Carissimi, vi scrivo questa lettera per mille motivi, il principale è che credo moltissimo nel lavoro che fate.
È anche per il vostro grandissimo impegno che il Centro chirurgico di Goderich funziona così bene.
Qualche numero può darvi un’idea.
Dal 2001 ad oggi, le operazioni chirurgiche effettuate sono circa 3.000. Nel solo 2003, i bambini visitati nell’ambulatorio medico sono più di 19.000, i trattamenti di fisioterapia circa 5.000 e l’ambulatorio chirurgico effettua almeno una quarantina di visite al giorno.

Forse il modo migliore per chiudere questa chiacchierata sarebbe questo.
E invece no, perché ogni numero è una vita, una famiglia (allargata), una storia da raccontare. Ogni volta che leggo una statistica, penso alla persona che ci sta dietro che di solito ha da raccontare qualcosa che riuscirebbe a inchiodarmi sulla sedia per ore intere.
Forse fa lo «spaccatore di pietre»: due dollari al giorno, due quintali di polvere ingeriti e muscoli da bronzo di Riace.
Oppure è un «uomo della sabbia», pala e sacchi di sabbia sulle spalle.
Magari invece, come tanti, non ha lavoro ed era nel posto sbagliato al momento sbagliato quando quattro ruote motrici gli hanno spappolato la gamba. Una gamba che dev’essere curata subito – ma come in un paese che quasi non ha strutture sanitarie? – e che gli renderà la vita molto difficile.
E lui, senza lavoro, con la sua gamba malconcia, riesce pure a farti una battuta e accenna a un passo di danza reggendosi sulla sua stampella.
Devo ancora abituarmi a tutto questo.
Ho appena finito di leggere un libro sul paradosso umanitario.
L’autore è una persona autorevole, ha visto la guerra in Bosnia, in Ruanda, in Kosovo.
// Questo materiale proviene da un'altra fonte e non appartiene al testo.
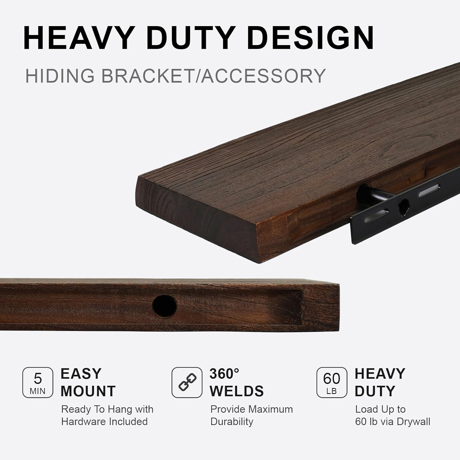 Wood Floating Shelves Set of 2, Aged Elm Wood Picture Wall Shelf, Floating Shelves for Wall for Bedroom Kitchen Bathroom Living Room (Walnut, 36 inch)

Io, però, non sono riuscito a capire le sue analisi: le organizzazioni umanitarie sono un fallimento? L’azione umanitaria è un fallimento? Le Ong fanno «pietas marketing»? Bene, allora, lasciamo perdere tutto, cambiamo lavoro, godiamoci il nostro tempo libero. E Freetown? E la Sierra Leone? Lasciamo tutto, è solo un’enorme fatica, come svuotare l’oceano con un secchio.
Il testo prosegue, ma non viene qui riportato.